SECTION 2.1 Summary
- To study relationships between variables, we must measure the variables on the same cases.
- If we think that a variable x may explain or even cause changes in another variable y, we call x an explanatory variable and y a response variable.
- A scatterplot displays the relationship between two quantitative variables measured on the same cases. Plot the data for each case as a point on the graph.
- Always plot the explanatory variable, if there is one, on the x axis of a scatterplot. Plot the response variable on the y axis.
- Plot points with different colors or symbols to see the effect of a categorical variable in a scatterplot.
- In examining a scatterplot, look for an overall pattern showing the form, direction, and strength of the relationship and then for outliers or other deviations from this pattern.

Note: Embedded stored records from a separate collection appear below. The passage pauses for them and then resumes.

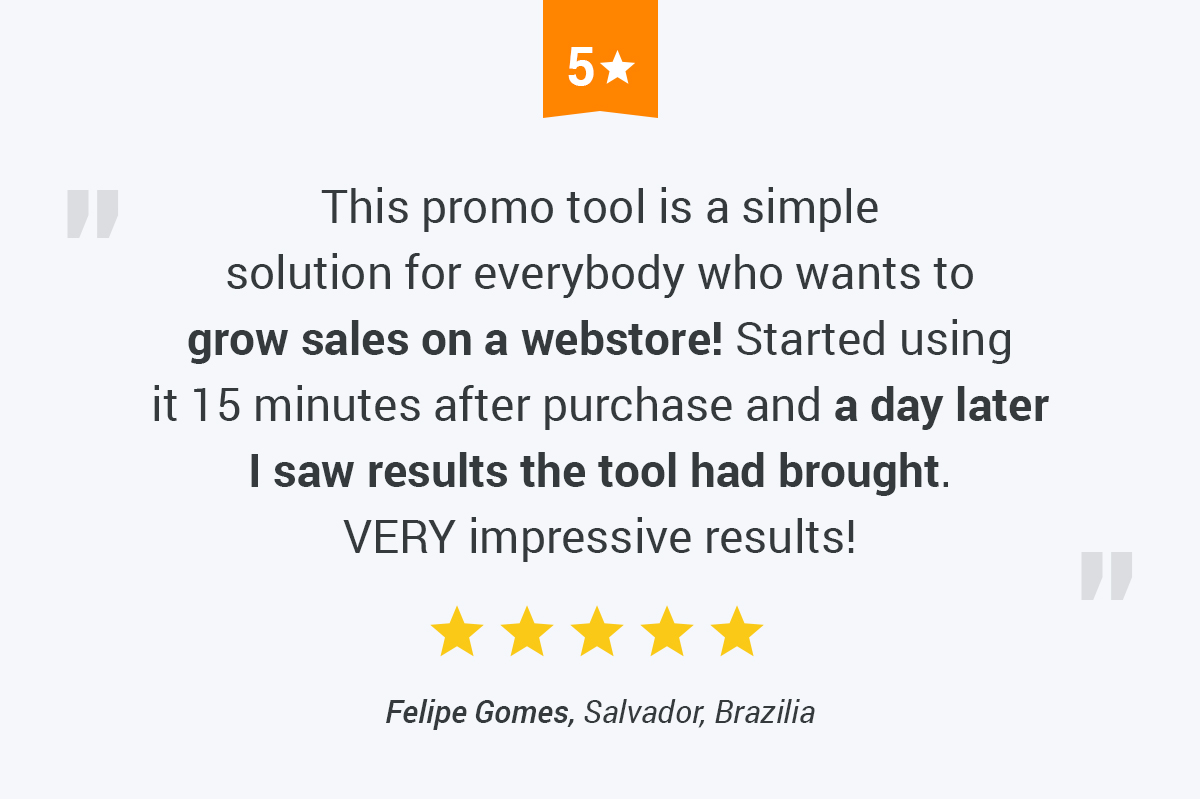 Discover an incredible way to win customer trust and motivation. The Recent Sales Pop-Up add-on automatically generates pop-up notifications about hot purchases from other shoppers. This exciting way of promoting items creates a fun shopping atmosphere while showcasing what is popular on your store.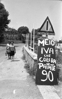 Scritta "Meio IVA che colera Patate 90” a Muggia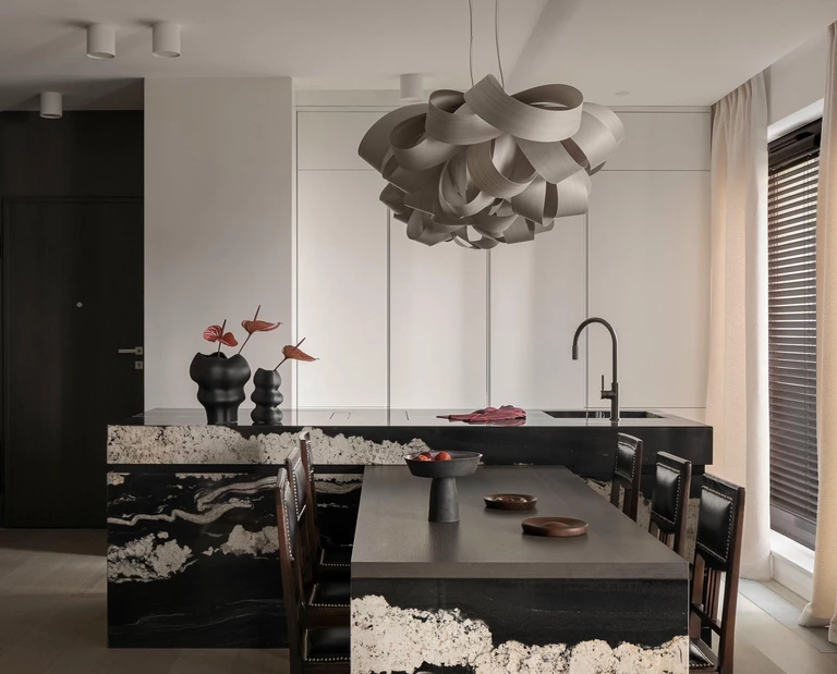 „Wszystko zaczęło się od Caravaggia. Przy pierwszych szkicach i poszukiwaniach inspiracji zakochaliśmy się w… kamieniu”. Mowa tu więc nie o barokowym artyście, a o naturalnym brazylijskim kwarcycie o unikatowym rysunku i nieoczywistej kolorystyce, który stał się punktem wyjścia dla projektu tego gdańskiego mieszkania według studia Kontury interiors.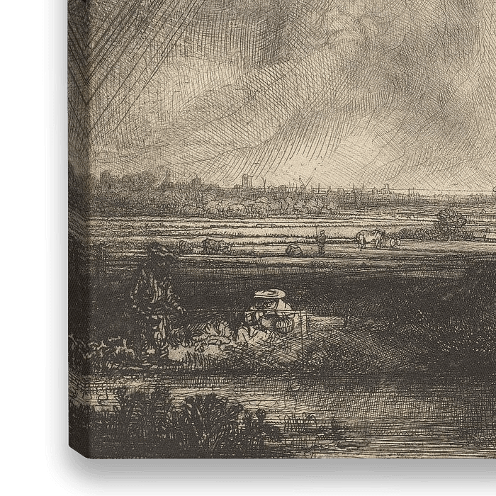 Landschapsprenten waren in de 17de eeuw enorm populair. De uitbeelding van het Hollandse landschap bereikte in het werk van Rembrandt een absoluut hoogtepunt.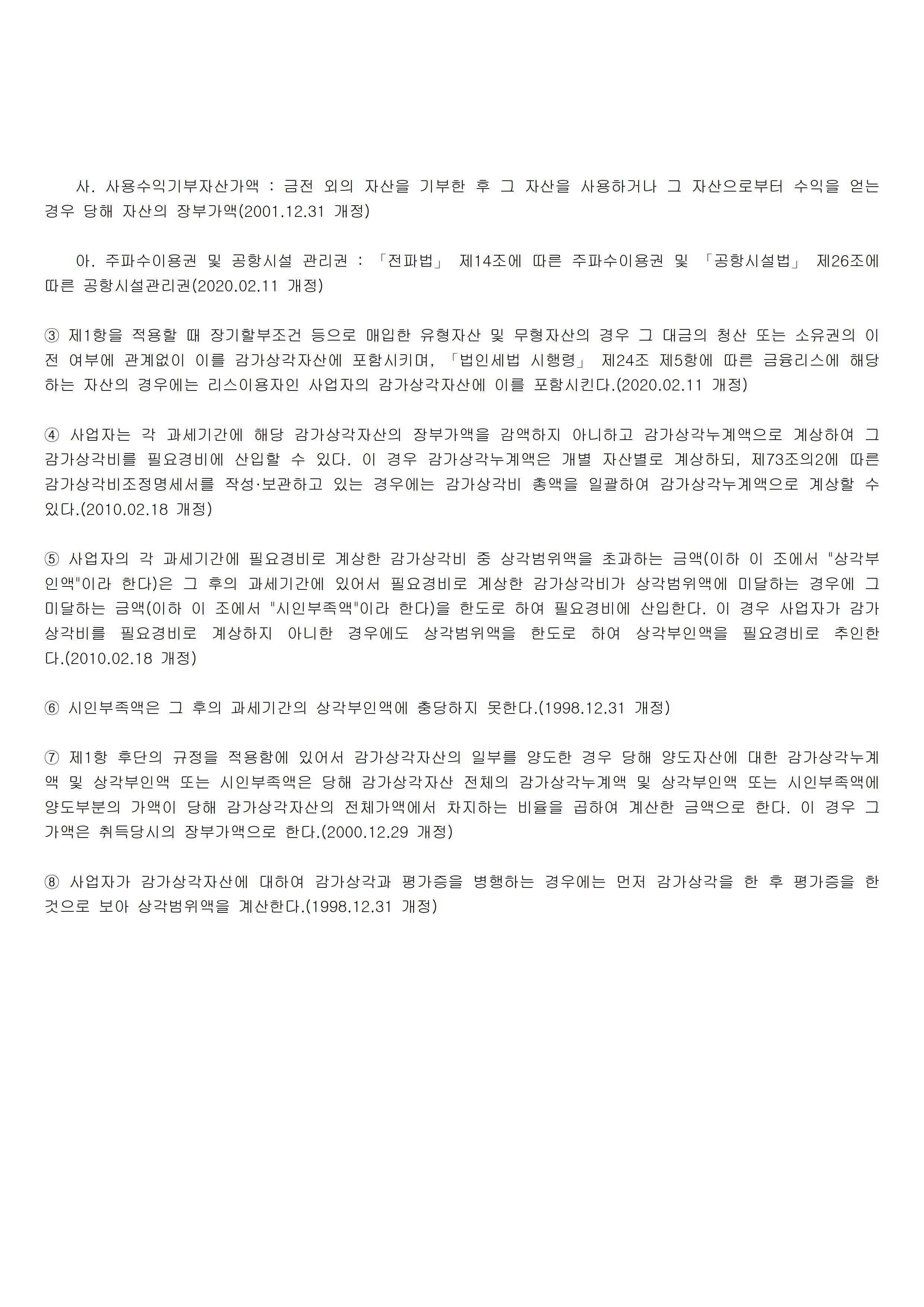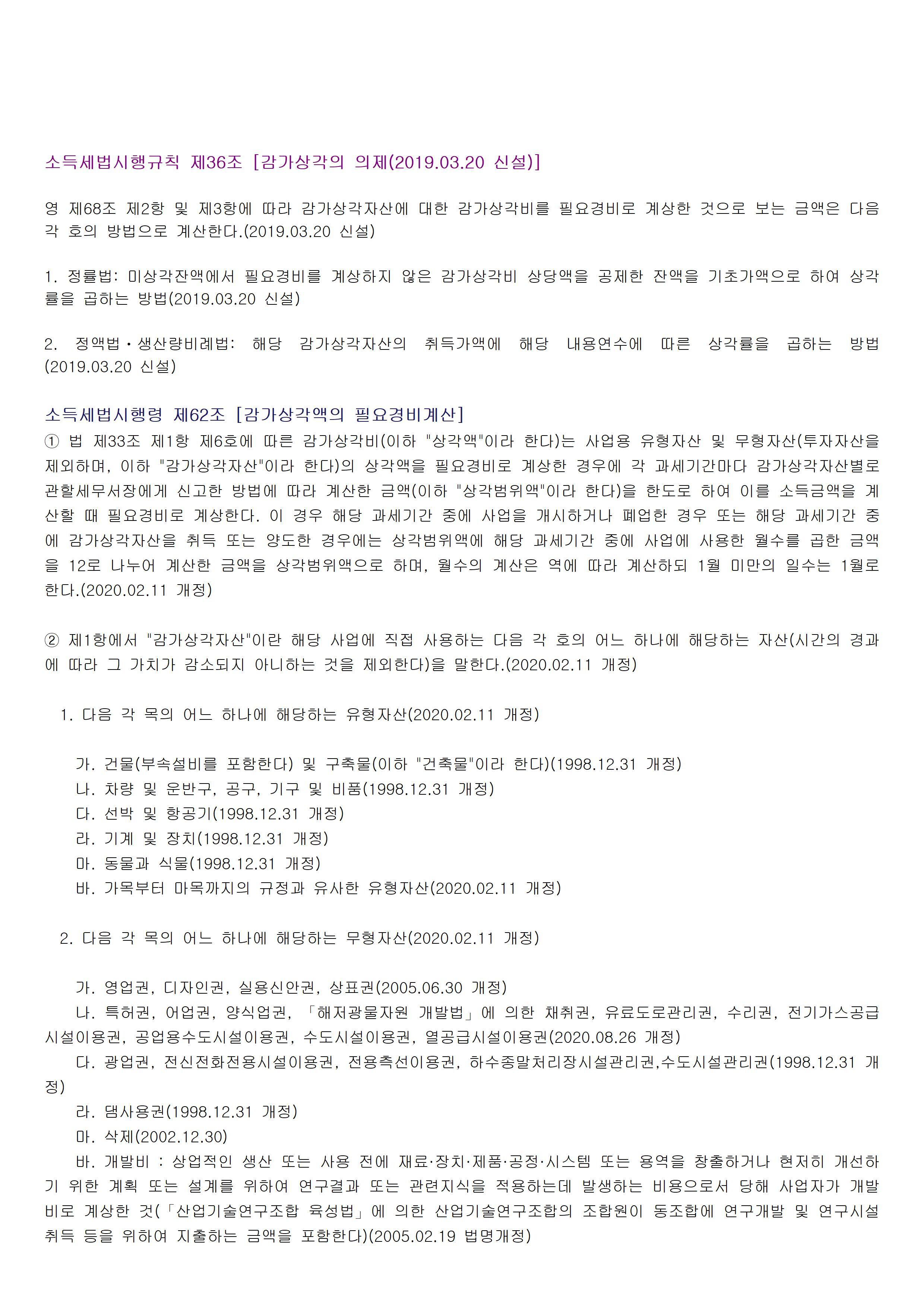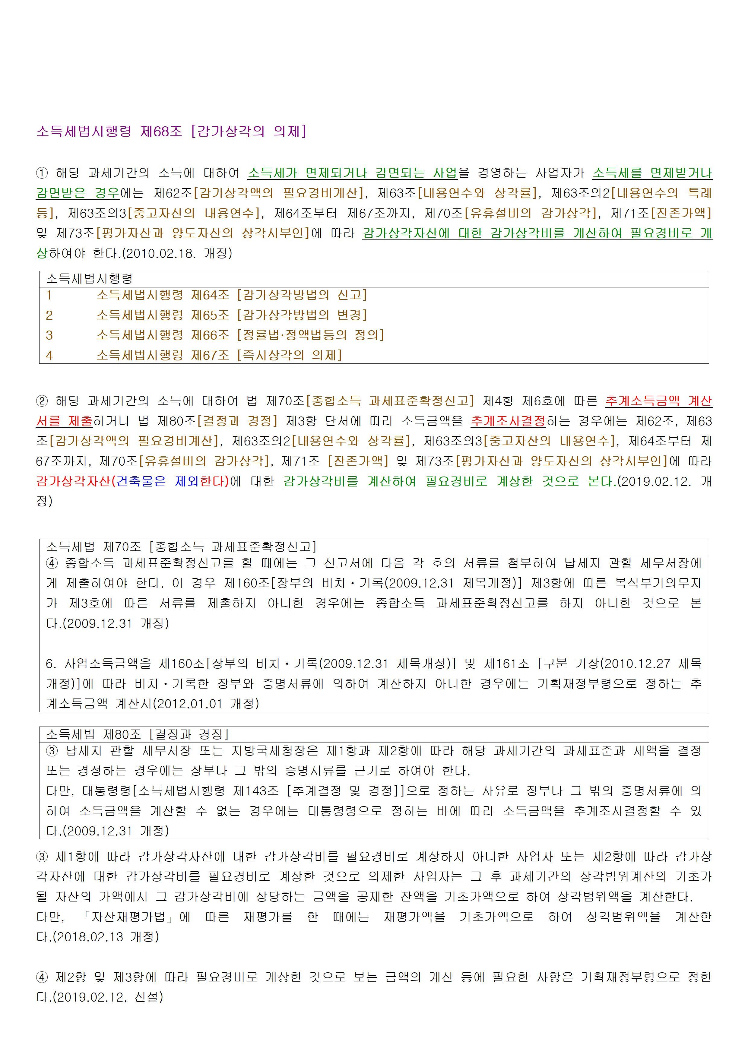 ▣ 소득세법 시행령 제68조 【감가상각의의제】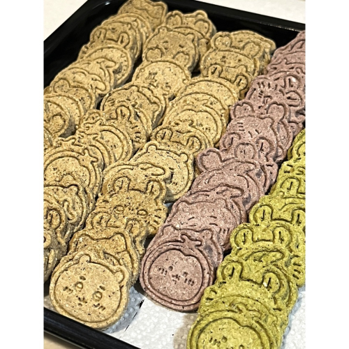 磨牙餅基本原料:小分子綜合穀粉、亞麻籽粉、小麥胚芽粉、菠菜粉、胡蘿蔔粉、紫薯粉、南瓜粉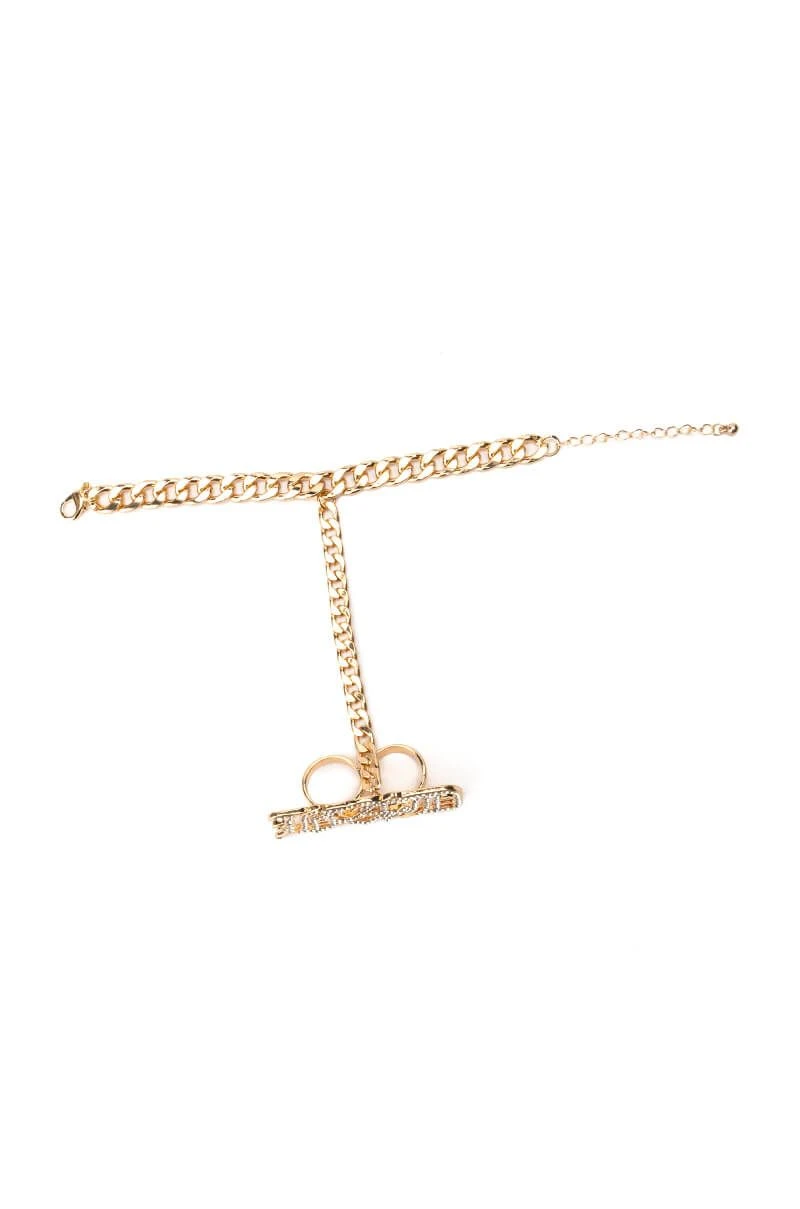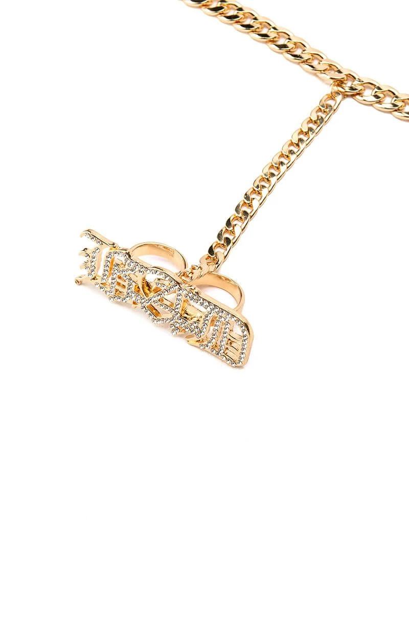 The AKIRA Label Baddie Hand Armor is made from a faux gold metal base and features a curb chain link bracelet that trails up the hand culminating in a doubled ring with a pave rhinestone “BAD”, gothic text lettering design.

- Form: Linear relationships, where the points show a straight-line pattern, are an important form of relationship between two variables. Curved relationships and clusters are other forms to watch for.
- Direction: If the relationship has a clear direction, we speak of either positive association (high values of the two variables tend to occur together) or negative association (high values of one variable tend to occur with low values of the other variable).
- Strength: The strength of a relationship is determined by how close the points in the scatterplot lie to a clear form such as a line.
- A transformation uses a formula or some other method to replace the original values of a variable with other values for an analysis. The transformation is successful if it helps us to learn something about the data.
- The log transformation is frequently used in business applications of statistics. It tends to make skewed distributions more symmetric, and it can help us to better see relationships between variables in a scatterplot.